## WHAT NEEDS TO BE DONE:
Give an exact copy of the data that follows, but none of its pictures.

## DATA EXCERPT:
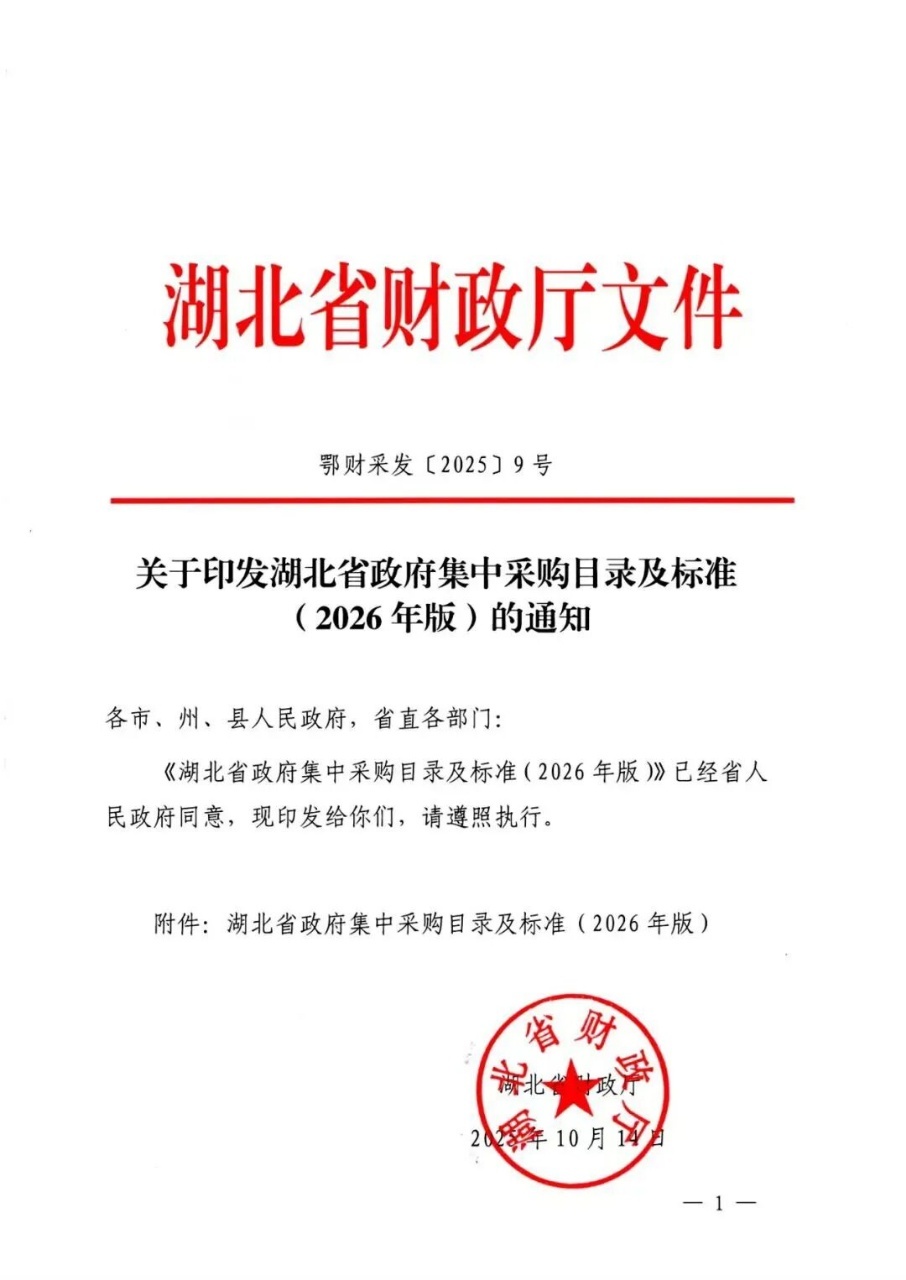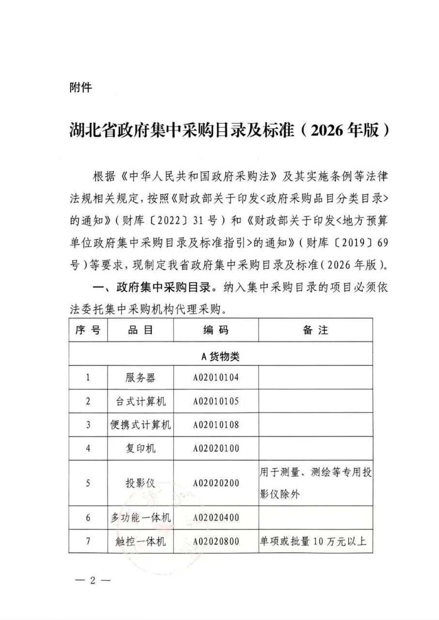 标 题 | 关于印发湖北省政府集中采购目录及标准(2026年版)的通知 |
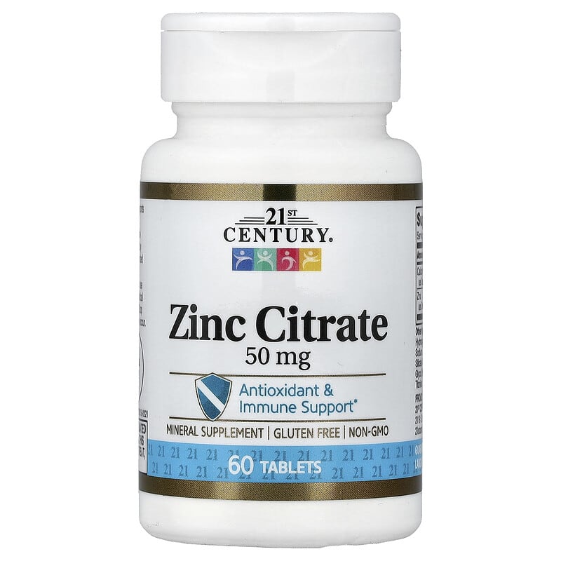 21st Century Zinc Citrate cung cấp 50 mg kẽm citrate trong mỗi viên nén, một khoáng chất thiết yếu hỗ trợ chức năng miễn dịch, sức khỏe làn da và sự phát triển tế bào. Sản phẩm này là một lựa chọn thuần chay, không chứa gluten, phù hợp với nhiều chế độ ăn uống.
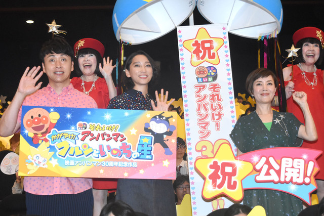6月30日に全国公開される本作は、劇場版「それいけ!アンパンマン」シリーズの30作目。アンパンマンの声を30年間担当してきた戸田は「おかげさまで30周年を迎えることができて感慨もひとしおです」としみじみ述べる。好奇心旺盛でちょっと不思議な子・クルンを演じた杏は、「映画館に来るのが初めての子は?」と客席に質問。会場の子供たちは「はーい!」と大きな返事をし、杏は「みんなのデビューと30周年の場に立ち会えてとってもうれしいです」と笑顔を浮かべる。ばいきんまんが作ったメカ・ゴロンゴロを演じた児嶋は「大島さん!」という呼びかけに「児嶋だよ!」とお約束のツッコミをし、「アンジャッシュも25周年なので、四捨五入すると30周年ということで一緒に祝っていただけたらと思います」と挨拶した。
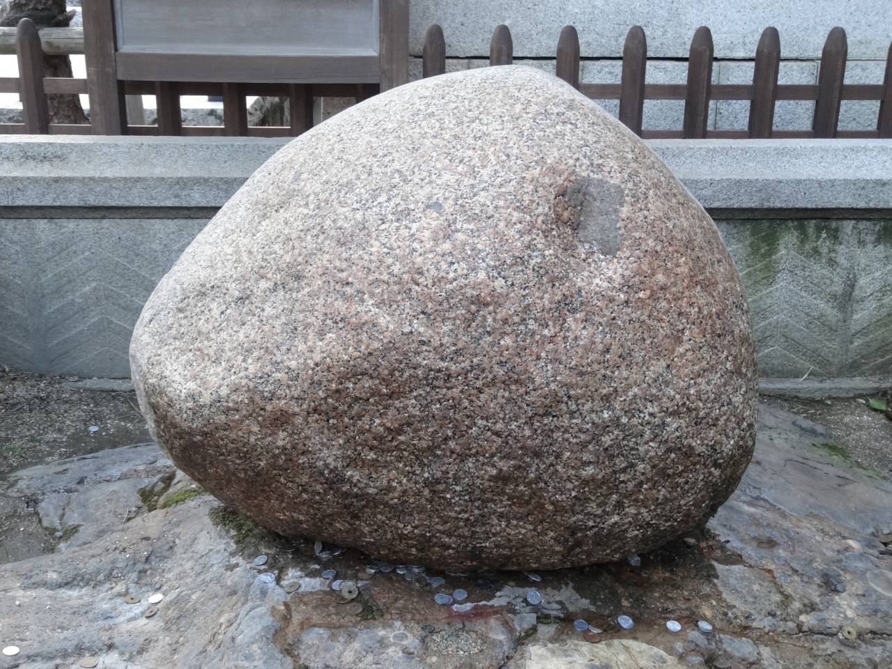 商店街から道後温泉本館を見て、左奥付近にあります。大国主命と少彦名命に由来する由緒正しい石で、願いをかなえる石として古くから有名ですが、最近ではパワースポットとしても注目を浴びています。由来を聞いて眺めると、何か威厳ある石にみえるから不思議なものです。

## EXPECTED ANSWER:
 标 题 | 关于印发湖北省政府集中采购目录及标准(2026年版)的通知 |
 21st Century Zinc Citrate cung cấp 50 mg kẽm citrate trong mỗi viên nén, một khoáng chất thiết yếu hỗ trợ chức năng miễn dịch, sức khỏe làn da và sự phát triển tế bào. Sản phẩm này là một lựa chọn thuần chay, không chứa gluten, phù hợp với nhiều chế độ ăn uống.
6月30日に全国公開される本作は、劇場版「それいけ!アンパンマン」シリーズの30作目。アンパンマンの声を30年間担当してきた戸田は「おかげさまで30周年を迎えることができて感慨もひとしおです」としみじみ述べる。好奇心旺盛でちょっと不思議な子・クルンを演じた杏は、「映画館に来るのが初めての子は?」と客席に質問。会場の子供たちは「はーい!」と大きな返事をし、杏は「みんなのデビューと30周年の場に立ち会えてとってもうれしいです」と笑顔を浮かべる。ばいきんまんが作ったメカ・ゴロンゴロを演じた児嶋は「大島さん!」という呼びかけに「児嶋だよ!」とお約束のツッコミをし、「アンジャッシュも25周年なので、四捨五入すると30周年ということで一緒に祝っていただけたらと思います」と挨拶した。
 商店街から道後温泉本館を見て、左奥付近にあります。大国主命と少彦名命に由来する由緒正しい石で、願いをかなえる石として古くから有名ですが、最近ではパワースポットとしても注目を浴びています。由来を聞いて眺めると、何か威厳ある石にみえるから不思議なものです。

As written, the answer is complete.